> _EXERCISE REQUIREMENTS_
From the first line of the records below through the line with "En el Palazzo", output each line exactly; skip the pictures.

> _RECORDS SUPPLIED_
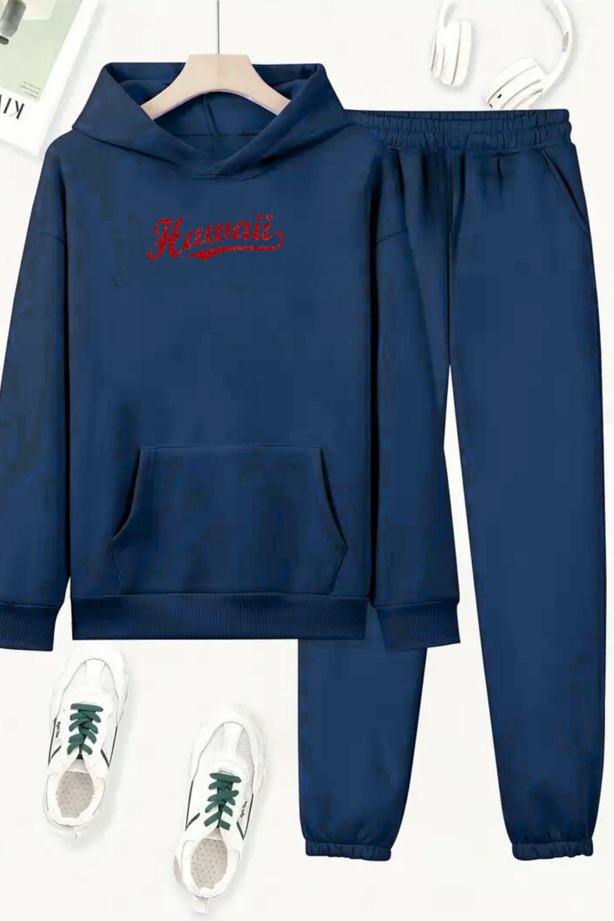 Unisex Lacivert HAWAİ Baskılı Eşofman Kapüşon- Kışlık Şardonlu Kumaş
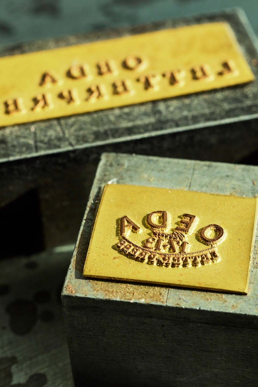 印刷には真ちゅうなどで作られた凸版を使用。凹凸のある味わいは活版印刷ならではの魅力です。ドイツのハイデルベルグ社製のプラテンという昔ながらの活版印刷の機械と技術を生かし、暮らしに寄り添う紙文具を作る「大枝活版室」の洗練されたデザインと活版印刷の味わいを存分に楽しんでいただけます。
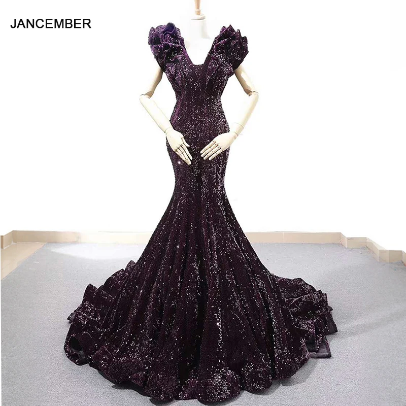 J66736 jancember purple mermaid evening dress v-neck special cap sleeves trumpet long dress evening gown vestido de noiva sereia
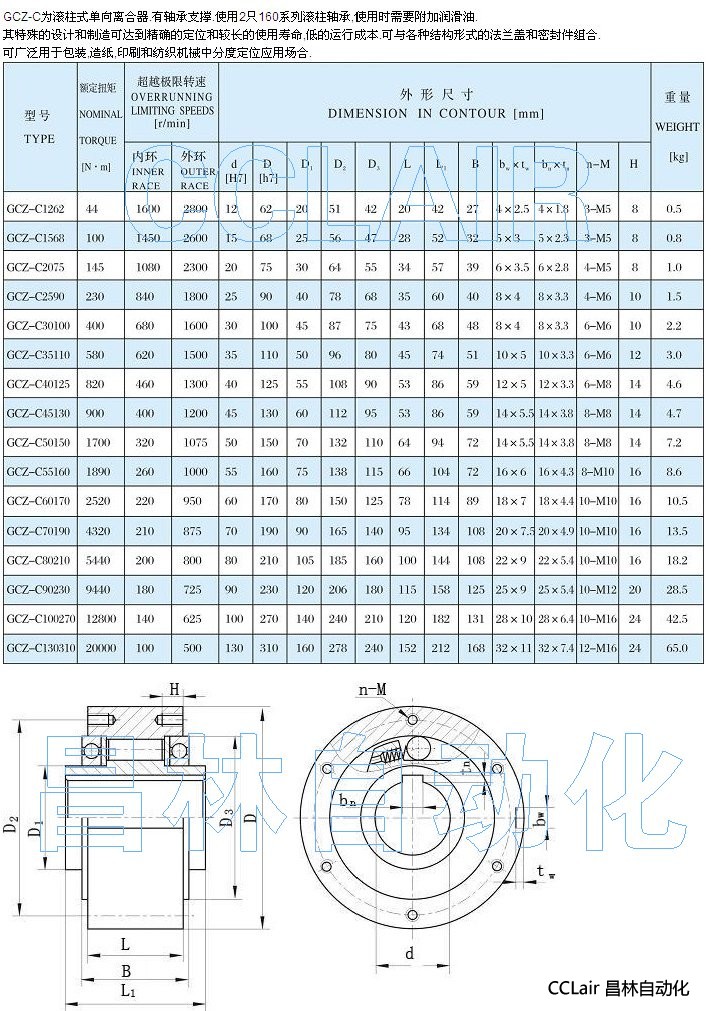 GCZ-C1262,GCZ-C1560,GCZ-C2075,GCZ-C2590,單向離合器
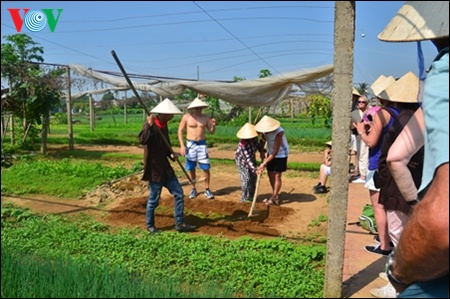 Mereka suka memotret dan mendengarkan perkenalan tentang cara menanam sayur yang khusus di daerah ini yang disampaikan oleh pemandunya. Ketika datang ke ladang keluarga saudari Le, seorang petani di desa Tra Que, para wisatawan dengan mata kepala sendiri melihat cara mencangkul tanah, menyebar ganggang, biji sayur sawi dan lain-lain. Philippe dengan antusias memegang cangkul dan mencangkul tanah di lahan yang luasnya kira-kira 3 meter persegi dengan bimbingan saudari Le. Tetesan-tetesan keringatnya mengalir di wajahnya, tapi Philip merasa antusias ketika langsung melakukan pekerjaan dari seorang petani. Dia mengatakan: “Saya sangat terkesan dengan teknik menanam sayur dengan biologi yang dilakukan kaum petani di sini, terutama ketika dapat ikut melakukan penanaman bersama dengan mereka. Semua gerak tidak mudah. Dan yang paling mengherankan ialah pupuk di sini diambil dari tumbuhan ganggang di sungai”.
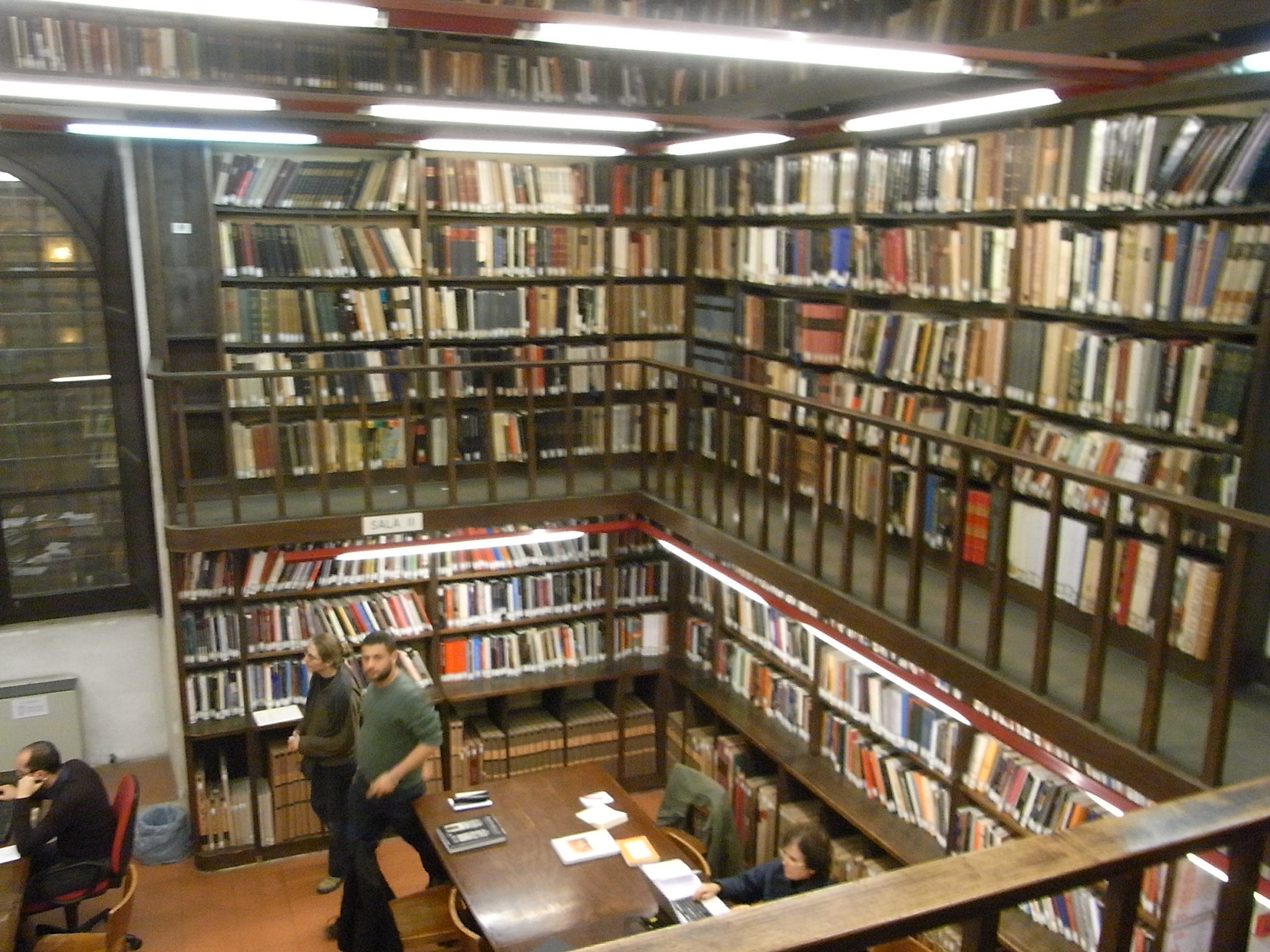 En el Palazzo Venezia hay un tesoro escondido, la Biblioteca (Nazionale) di Archeologia e Storia dell’Arte (BiAS) fundada en 1875 (Piazza Venezia, 3). Entré a buscar algunos datos bibliográficos y salí con mi flamante carnet de usuario. Lejos quedan los tiempos (al menos es de esperar) en que Mussolini tenía en ese edificio su cuartel general y se asomaba, echando pecho y alzando el mentón, al balcón que está sobre la puerta, por donde hoy se entra a la BiAS, para arengar a las multitudes. (http://www.archeologica.librari.beniculturali.it/)
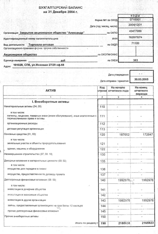 2.1. Оценка риска потери платёжеспособности ЗАО "Александр" осуществляется на основе финансовых показателей в виде коэффициентов платёжеспособности, составной частью которых являются коэффициенты ликвидности. Исходной базой - является бухгалтерский баланс предприятия за 2003 и 2004 год.

> _REPLY_
 Unisex Lacivert HAWAİ Baskılı Eşofman Kapüşon- Kışlık Şardonlu Kumaş
 印刷には真ちゅうなどで作られた凸版を使用。凹凸のある味わいは活版印刷ならではの魅力です。ドイツのハイデルベルグ社製のプラテンという昔ながらの活版印刷の機械と技術を生かし、暮らしに寄り添う紙文具を作る「大枝活版室」の洗練されたデザインと活版印刷の味わいを存分に楽しんでいただけます。
 J66736 jancember purple mermaid evening dress v-neck special cap sleeves trumpet long dress evening gown vestido de noiva sereia
 GCZ-C1262,GCZ-C1560,GCZ-C2075,GCZ-C2590,單向離合器
 Mereka suka memotret dan mendengarkan perkenalan tentang cara menanam sayur yang khusus di daerah ini yang disampaikan oleh pemandunya. Ketika datang ke ladang keluarga saudari Le, seorang petani di desa Tra Que, para wisatawan dengan mata kepala sendiri melihat cara mencangkul tanah, menyebar ganggang, biji sayur sawi dan lain-lain. Philippe dengan antusias memegang cangkul dan mencangkul tanah di lahan yang luasnya kira-kira 3 meter persegi dengan bimbingan saudari Le. Tetesan-tetesan keringatnya mengalir di wajahnya, tapi Philip merasa antusias ketika langsung melakukan pekerjaan dari seorang petani. Dia mengatakan: “Saya sangat terkesan dengan teknik menanam sayur dengan biologi yang dilakukan kaum petani di sini, terutama ketika dapat ikut melakukan penanaman bersama dengan mereka. Semua gerak tidak mudah. Dan yang paling mengherankan ialah pupuk di sini diambil dari tumbuhan ganggang di sungai”.
 En el Palazzo Venezia hay un tesoro escondido, la Biblioteca (Nazionale) di Archeologia e Storia dell’Arte (BiAS) fundada en 1875 (Piazza Venezia, 3). Entré a buscar algunos datos bibliográficos y salí con mi flamante carnet de usuario. Lejos quedan los tiempos (al menos es de esperar) en que Mussolini tenía en ese edificio su cuartel general y se asomaba, echando pecho y alzando el mentón, al balcón que está sobre la puerta, por donde hoy se entra a la BiAS, para arengar a las multitudes. (http://www.archeologica.librari.beniculturali.it/)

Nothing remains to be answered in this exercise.